[TASK GOAL]
Your copy should match the entries exactly, with the pictures left out.

[Saved data entries]
----

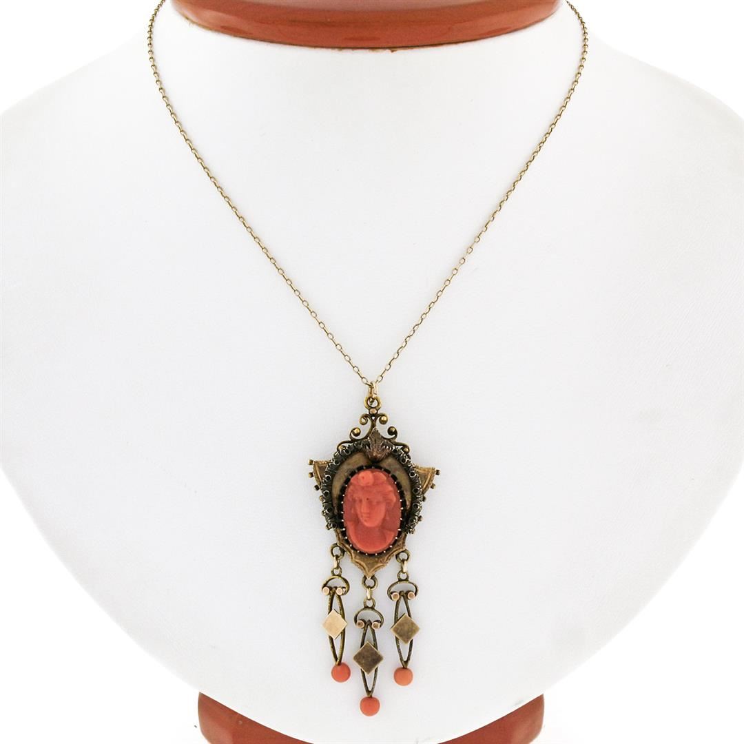 An antique solid 14k yellow gold dangle pendant necklace, with 1 oval cut carved natural coral (15.0x10.25mm), and 3 round bead shape natural corals (3.45-3.65mm ). 17 inch cable link chain, 6.34grams total weight, pendant measures 60.50x24.25mm.
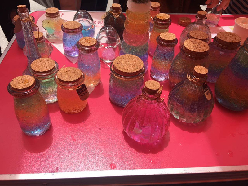 活动伊始,就海绵宝宝的主题,工作人员用海绵宝宝气球来装扮场地,并且利用提前制作好的海绵宝宝瓶来吸引同学们参与活动,进行宣传。不一会儿,海绵宝宝的活动吸引了众多同学。工作人员引导同学们动手制作属于自己的海绵宝宝瓶,看着她们用针筒将不同颜色的海绵宝宝挤进透明的玻璃瓶。
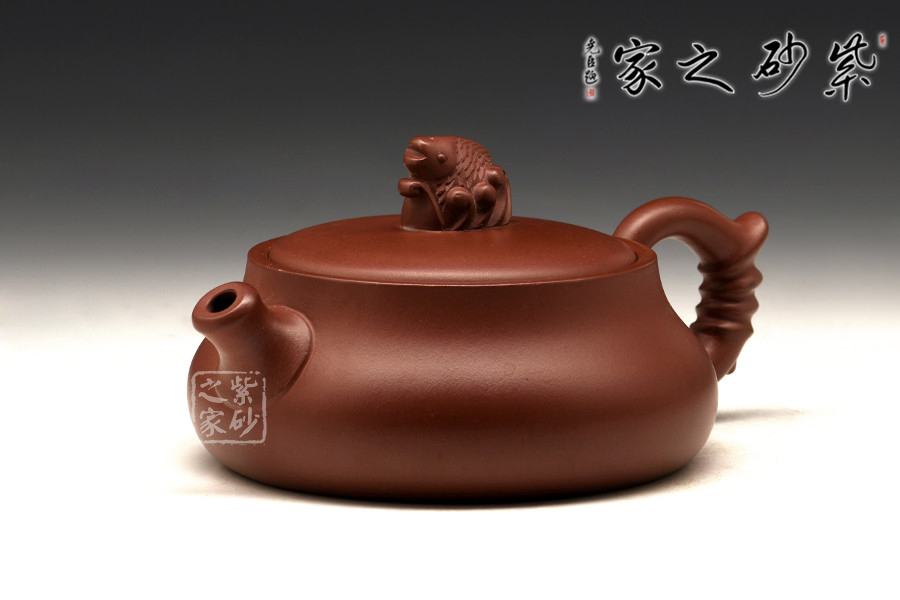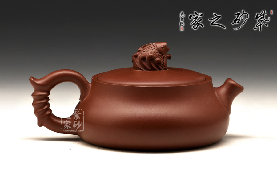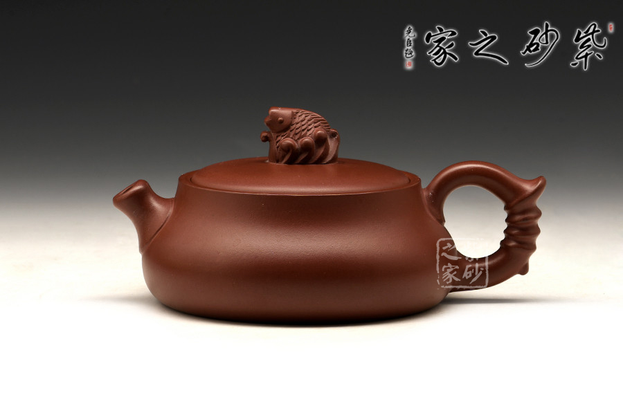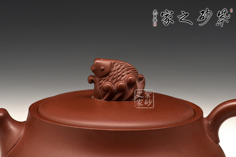 壺鈕呈一只臥魚形狀,似將擺尾跳躍,積極向上有活力,因此這款壺稱為“時來運轉(zhuǎn)”壺實在是貼切至極。
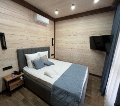 Остановились с семьей. Очень впечатлены. Комфортные и современные домики, чистота, уют. Есть все необходимое для комфортного пребывание. Бассейн и сауна. Мануальная зона. Обязательно приедем еще раз
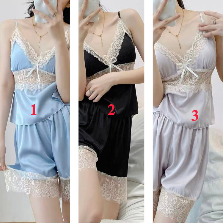 ست تاپ و شورتک ساتن وارداتی در طرح های زیبا و شیک ۲۸۹۴
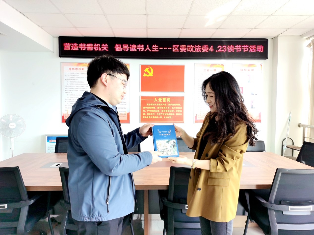 为迎接“4·23世界读书日”的到来,4月17日,魏都区委政法委工会以“营造书香机关,倡导读书人生”为主题,组织干部开展阅读活动,营造爱读书、读好书、善读书的良好社会氛围。本次活动通过赠送书籍、学习分享等形式,倡导机关全体党员干部职工真正把读书学习当成一种生活态度、一种工作责任、一种精神追求。图为当日活动现场,魏都区委政法委工会向干部职工发放图书。 许廷合 摄
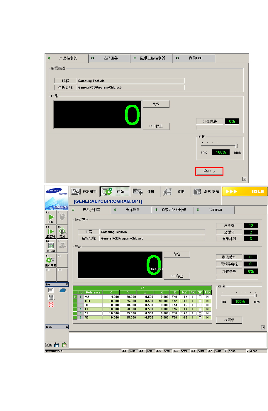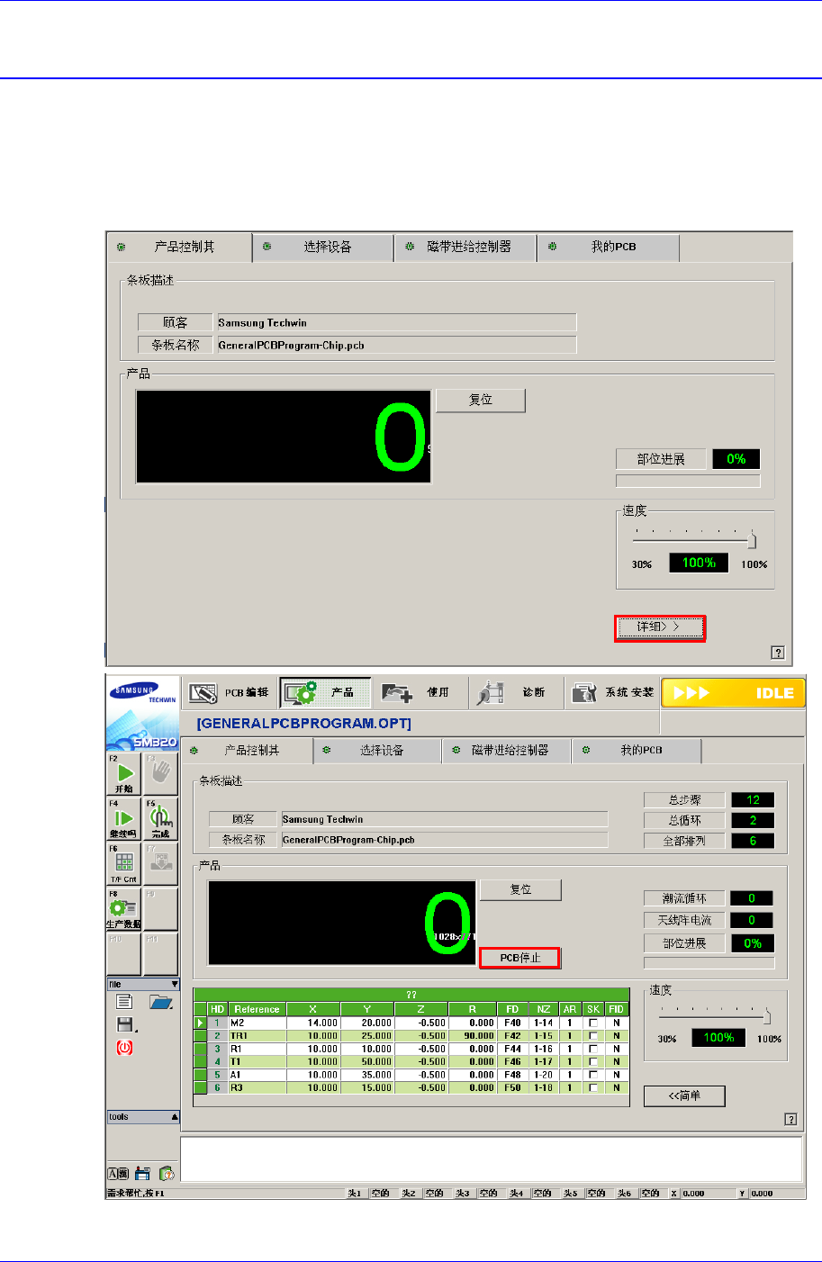 自动生产时,把 Production 菜单的主屏幕设置为“详细”后,单击<PCB Stop>
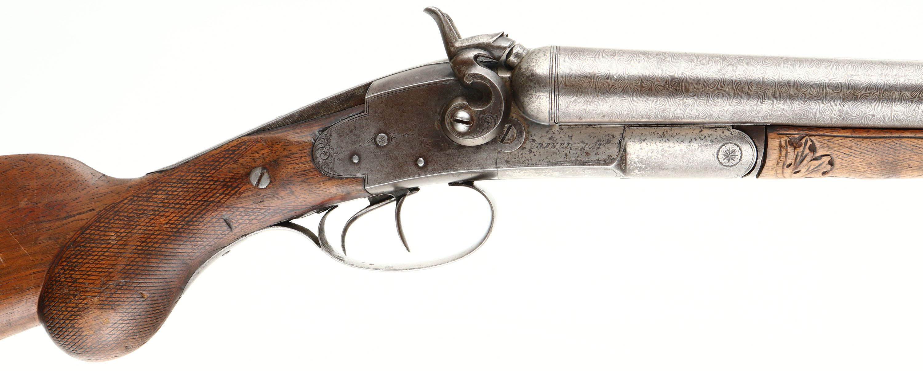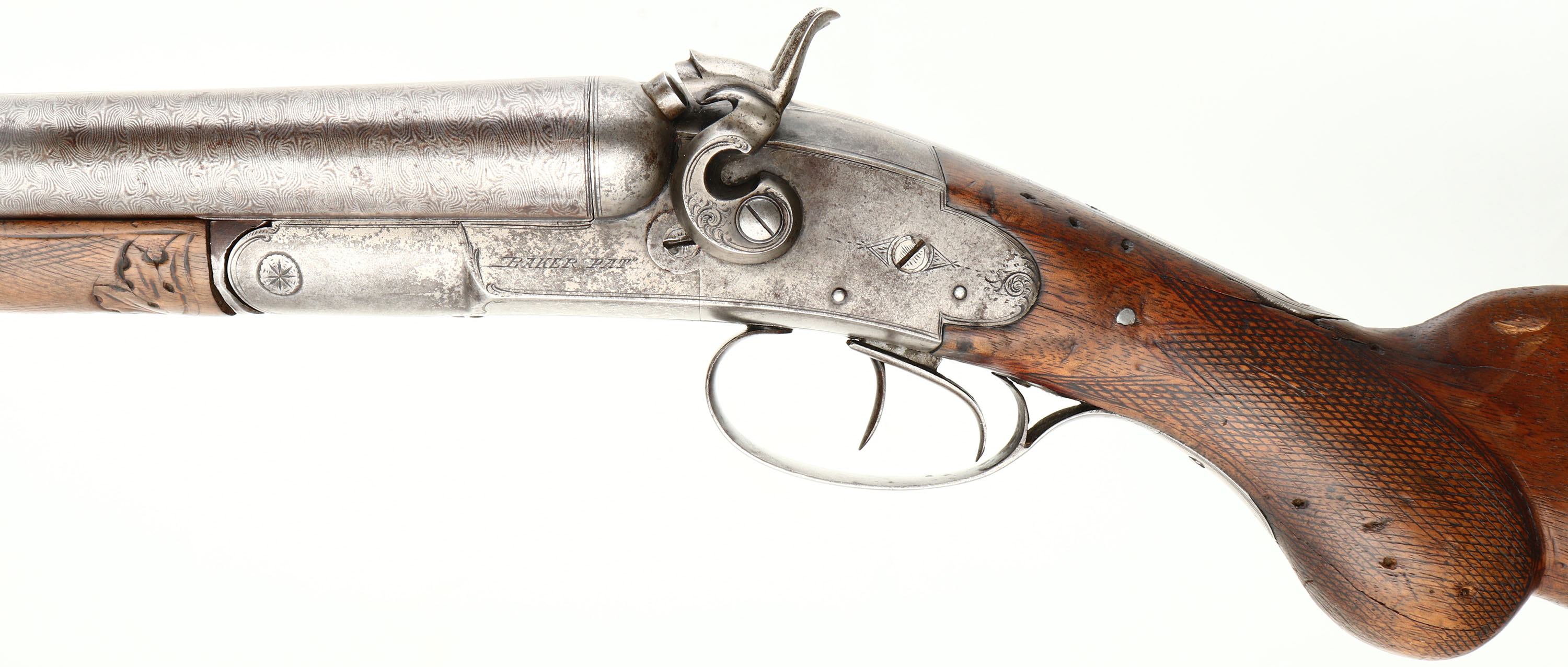 L.C. Smith Maker of Baker Gun, Model: Maker B Grade, 12 Ga, MFG: 1884-88, S/N: 7000B, Break SxS Shotgun, 30'' Damascus barrels. The checkered Semi-pistol grip wood stock is good, stock has small nicks, dings, dents, & wear from use/age, checkering has been well worn but still present, 4'' crack on top of wrist left side, emanating from the receiver, small chunk of stock missing on right side of stock on top of wrist, small chip at toe of stock, buttplate comes off wood near toe. The barrels has a gun metal gray with brown patina, rust speckling & damascus pattern, the receiver is a gun metal gray with gray/brown patina. Left & right side of receiver is marked ''BAKER PAT'' with some light ornamental engravings, top of barrel rib is marked ''L . C . SMITH MAKER OF BAKER GUN SYRACUSE N.Y. DAMASCUS STEEL''. Bore is good with roughness & light pitting. Barrel rib holds a front bead sight. Stock carries a steel buttplate with brown patina. Lockup is tight & has no play. LOP: 14 1/2'', DAH: 3 1/4'', DAC: 2''. Damascus barrels are not safe to shoot smokeless loads or steel shot out of. Antique No FFL Req. - Value: 300 to 600
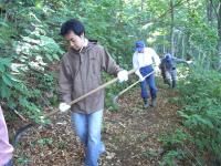野外での体験は、東海北陸自然遊歩道の整備のための草刈りを行ないます。
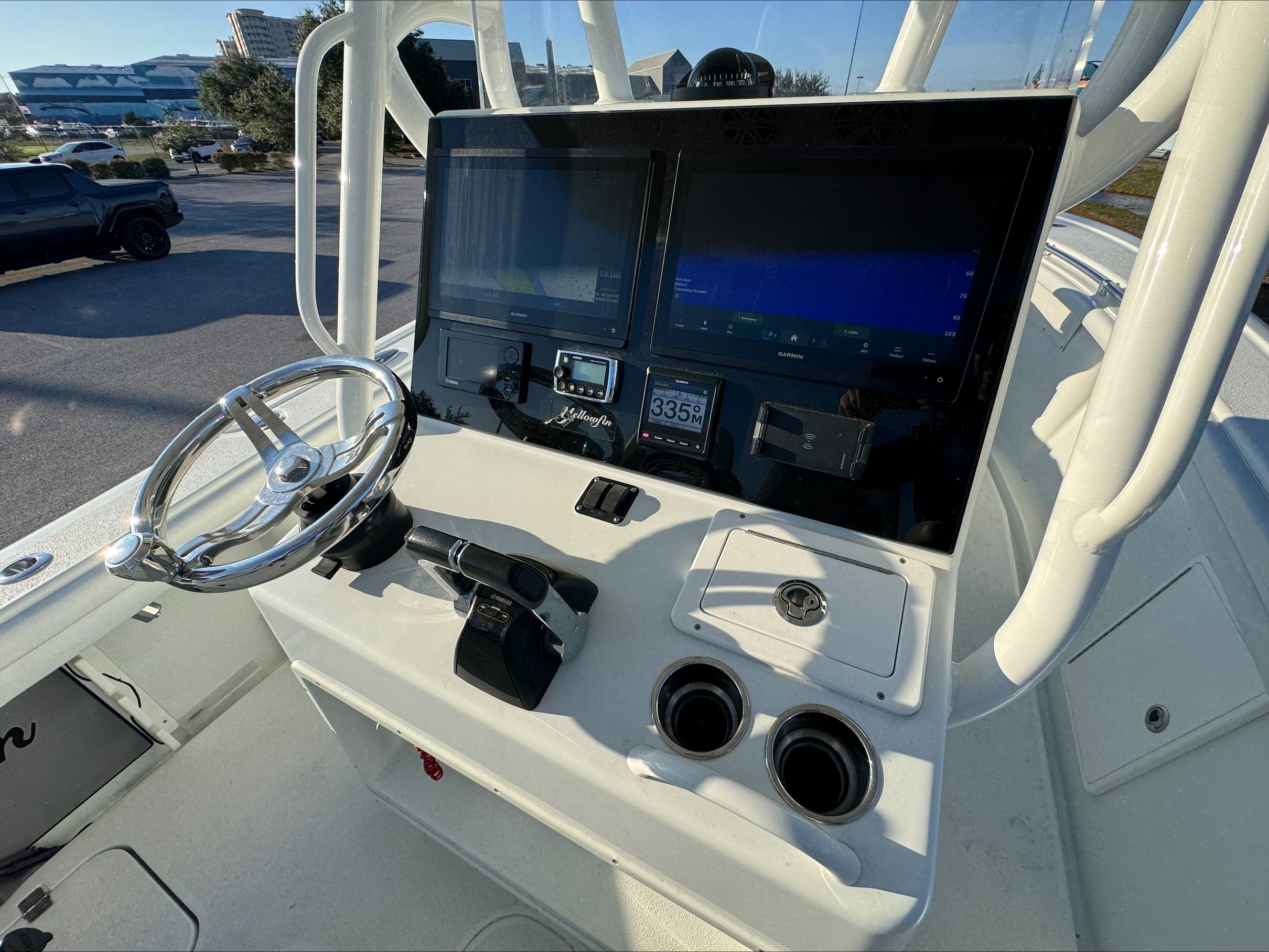 Powering this Yellowfin boat for sale are two high-performance engines, delivering a combined 600 horsepower. This impressive setup ensures that the 29 CC is not only fast but also responsive, providing the agility needed for quick maneuvers and the strength required for offshore adventures. The twin-engine configuration enhances reliability and safety, giving you peace of mind whether you’re navigating coastal waters or heading out into deeper seas. With this level of horsepower, the Yellowfin 29 CC offers exhilarating acceleration and top-end speed, making it an ideal choice for those who value both excitement and control on the water.

----

[OUTPUT FOR THIS TASK]
 An antique solid 14k yellow gold dangle pendant necklace, with 1 oval cut carved natural coral (15.0x10.25mm), and 3 round bead shape natural corals (3.45-3.65mm ). 17 inch cable link chain, 6.34grams total weight, pendant measures 60.50x24.25mm.
 活动伊始,就海绵宝宝的主题,工作人员用海绵宝宝气球来装扮场地,并且利用提前制作好的海绵宝宝瓶来吸引同学们参与活动,进行宣传。不一会儿,海绵宝宝的活动吸引了众多同学。工作人员引导同学们动手制作属于自己的海绵宝宝瓶,看着她们用针筒将不同颜色的海绵宝宝挤进透明的玻璃瓶。
 壺鈕呈一只臥魚形狀,似將擺尾跳躍,積極向上有活力,因此這款壺稱為“時來運轉(zhuǎn)”壺實在是貼切至極。
 Остановились с семьей. Очень впечатлены. Комфортные и современные домики, чистота, уют. Есть все необходимое для комфортного пребывание. Бассейн и сауна. Мануальная зона. Обязательно приедем еще раз
 ست تاپ و شورتک ساتن وارداتی در طرح های زیبا و شیک ۲۸۹۴
 为迎接“4·23世界读书日”的到来,4月17日,魏都区委政法委工会以“营造书香机关,倡导读书人生”为主题,组织干部开展阅读活动,营造爱读书、读好书、善读书的良好社会氛围。本次活动通过赠送书籍、学习分享等形式,倡导机关全体党员干部职工真正把读书学习当成一种生活态度、一种工作责任、一种精神追求。图为当日活动现场,魏都区委政法委工会向干部职工发放图书。 许廷合 摄
 自动生产时,把 Production 菜单的主屏幕设置为“详细”后,单击<PCB Stop>
 L.C. Smith Maker of Baker Gun, Model: Maker B Grade, 12 Ga, MFG: 1884-88, S/N: 7000B, Break SxS Shotgun, 30'' Damascus barrels. The checkered Semi-pistol grip wood stock is good, stock has small nicks, dings, dents, & wear from use/age, checkering has been well worn but still present, 4'' crack on top of wrist left side, emanating from the receiver, small chunk of stock missing on right side of stock on top of wrist, small chip at toe of stock, buttplate comes off wood near toe. The barrels has a gun metal gray with brown patina, rust speckling & damascus pattern, the receiver is a gun metal gray with gray/brown patina. Left & right side of receiver is marked ''BAKER PAT'' with some light ornamental engravings, top of barrel rib is marked ''L . C . SMITH MAKER OF BAKER GUN SYRACUSE N.Y. DAMASCUS STEEL''. Bore is good with roughness & light pitting. Barrel rib holds a front bead sight. Stock carries a steel buttplate with brown patina. Lockup is tight & has no play. LOP: 14 1/2'', DAH: 3 1/4'', DAC: 2''. Damascus barrels are not safe to shoot smokeless loads or steel shot out of. Antique No FFL Req. - Value: 300 to 600
野外での体験は、東海北陸自然遊歩道の整備のための草刈りを行ないます。
 Powering this Yellowfin boat for sale are two high-performance engines, delivering a combined 600 horsepower. This impressive setup ensures that the 29 CC is not only fast but also responsive, providing the agility needed for quick maneuvers and the strength required for offshore adventures. The twin-engine configuration enhances reliability and safety, giving you peace of mind whether you’re navigating coastal waters or heading out into deeper seas. With this level of horsepower, the Yellowfin 29 CC offers exhilarating acceleration and top-end speed, making it an ideal choice for those who value both excitement and control on the water.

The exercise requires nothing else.